1 ноября. Выгнал его к чертям собачьим с мельницы. Он пробовал протестовать, но мельница моя, что хочу, то и делаю. Уходил обозленный, поклялся отомстить.
8 ноября. Застрелили двух моих собак. Велел взять Петьку и посадить его. На допросе сразу же признался, что его рук дело. Бедные собаки! Они одни были умнее меня, потому как сразу же невзлюбили (край листа оторван). Конечно, я упрячу гаденыша под замок, но кто мне собак вернет?
4 марта. Взяли его с поличным, когда он ставил капканы в моем лесу. Снова упек в тюремный замок. Чечевицын явился ко мне и произнес длинную горячую речь о том, что я не желаю войти в положение забитого и бедного человека и т. д. Верно. Не желаю входить в положение мерзавца. Слишком много чести.
23 июня. Петька исчез. Надолго ли?
7 июля. Похоже, и впрямь исчез. Ну и слава богу.
30 июля. Нашли его ружье возле трясины. Значит, кончено, потому что оттуда даже лось лет пять назад выбраться не смог, что уж тут о человеке говорить. Жена в голос воет. Бабы – дуры. Муж всю жизнь ее колотил, а она чего-то жалеет. Радоваться бы надо, что от него избавилась.
Получил письмо от дальней родственницы. Знать, совсем я сдал.
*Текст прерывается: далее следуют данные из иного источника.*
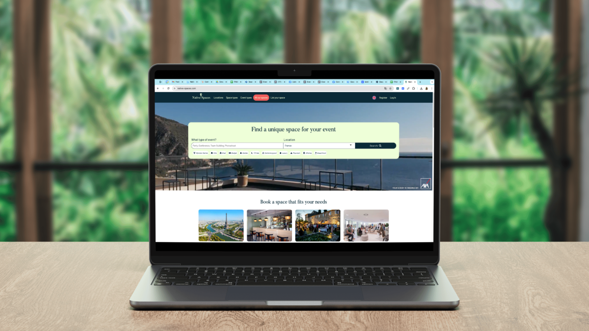 Une solution qui vous permet de réserver ou de louer en toute sécurité des lieux et des propriétés hors du commun (et sous-utilisés) pour des événements privés ou professionnels. Actuellement, nous travaillons avec plus de 1700 lieux uniques en France (70% de nos options sont des propriétés privées): rooftops avec vue sur la Tour Eiffel, restaurants avec salons privés, appartements haussmanniens, grands lofts en centre-ville, bars funky, péniches, villas vue mer...) et nous pouvons également aider à nos clients à trouver des prestataires locaux pour tous ses besoins (traiteurs, chauffeurs...).
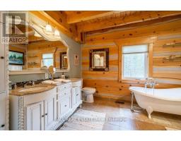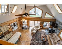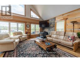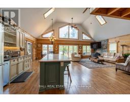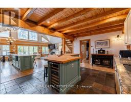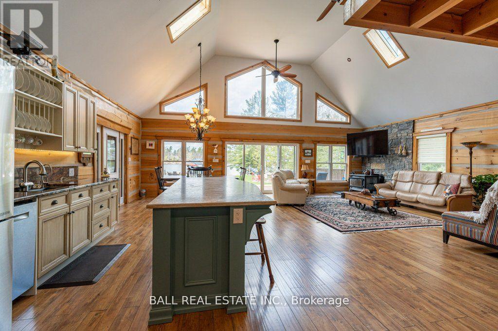 Timber-Frame Retreat on Stoney Lake - Sandy Beach, Indoor Hot Tub & 2+ Acres! Perfectly positioned on 149ft of pristine waterfront along the coveted southeast shore of Stoney Lake, this stunning timber-frame retreat offers an effortless blend of comfort and refined lake living. Step inside to soaring ceilings and an open-concept living room designed for gathering. Expansive windows frame tranquil lake views, while a spacious deck extends the living space outdoors - perfect for morning coffee and sunset dinners. The loft-style primary suite overlooks the water and features a private ensuite bath - a peaceful retreat after a day on the lake. A second primary bedroom with its own ensuite makes hosting family and guests effortless. In total, the home offers 3+1 bedrooms plus bonus room and 3 full bathrooms, along with a finished basement, laundry room, and flexible space for movie nights or additional sleeping quarters. At the heart of the home is a double kitchen with two islands - ideal for entertaining, holiday weekends, and large family gatherings. For year-round enjoyment, an indoor hot tub allows you to relax in every season. Golf enthusiasts will appreciate being just 10 minutes from the renowned Wildfire Golf Club - a first-class course known for its exceptional design and stunning natural setting. A true Kawartha lakehouse - warm, welcoming, and ready for its next chapter. (id:61423)

Предлагает приехать и жить при моей особе. Никак на наследство метит… Шалишь!
7 сентября. Видел Севастьянова. Совсем сдал человек. Вроде бы тот, да и не тот, одни бакенбарды остались. Пробовал вразумить его, да без толку. Хочет найти жену и вернуть ее домой. Ушел со службы, рассылает объявления в газеты. Весь извелся от тоски. Я, говорит, ради нее на все готов, пусть она только вернется. Чудно́! Столько кругом барышень и хорошеньких, и образованных, и даже с капиталом, а он, прости господи, свихнулся на той белокурой дряни. Какая-то бывшая артистка, которая состояла в Москве на содержании, а потом для чего-то вышла замуж. Говорил мне, мол, надеется, что она все-таки одумается. И жаль мне его, и глядеть тошно. Ушел к себе. Завтра судебное заседание, а уже сейчас голова трещит, словно в ней гусарский полк в атаку мчится. К черту. Кто мне завтра попадется, всех упеку по 119-й. Будут знать, как мне досаждать. Всех отучу зря таскаться по судам».
– Госпожа баронесса!
Амалия подняла глаза от дневника и захлопнула исписанную крупным, размашистым почерком тетрадь. Лизавета, стоя у дверей, на всякий случай присела. Она еще не вполне справлялась со своими новыми обязанностями, но новая хозяйка была на редкость снисходительна и не корила ее за промахи.
– Там приехали… Видеть вас желают-с.
– Кто? – спросила Амалия.
– Маврикий Алпатыч Фомичев, – заторопилась Лизавета. – Говорят, у него до вас дело.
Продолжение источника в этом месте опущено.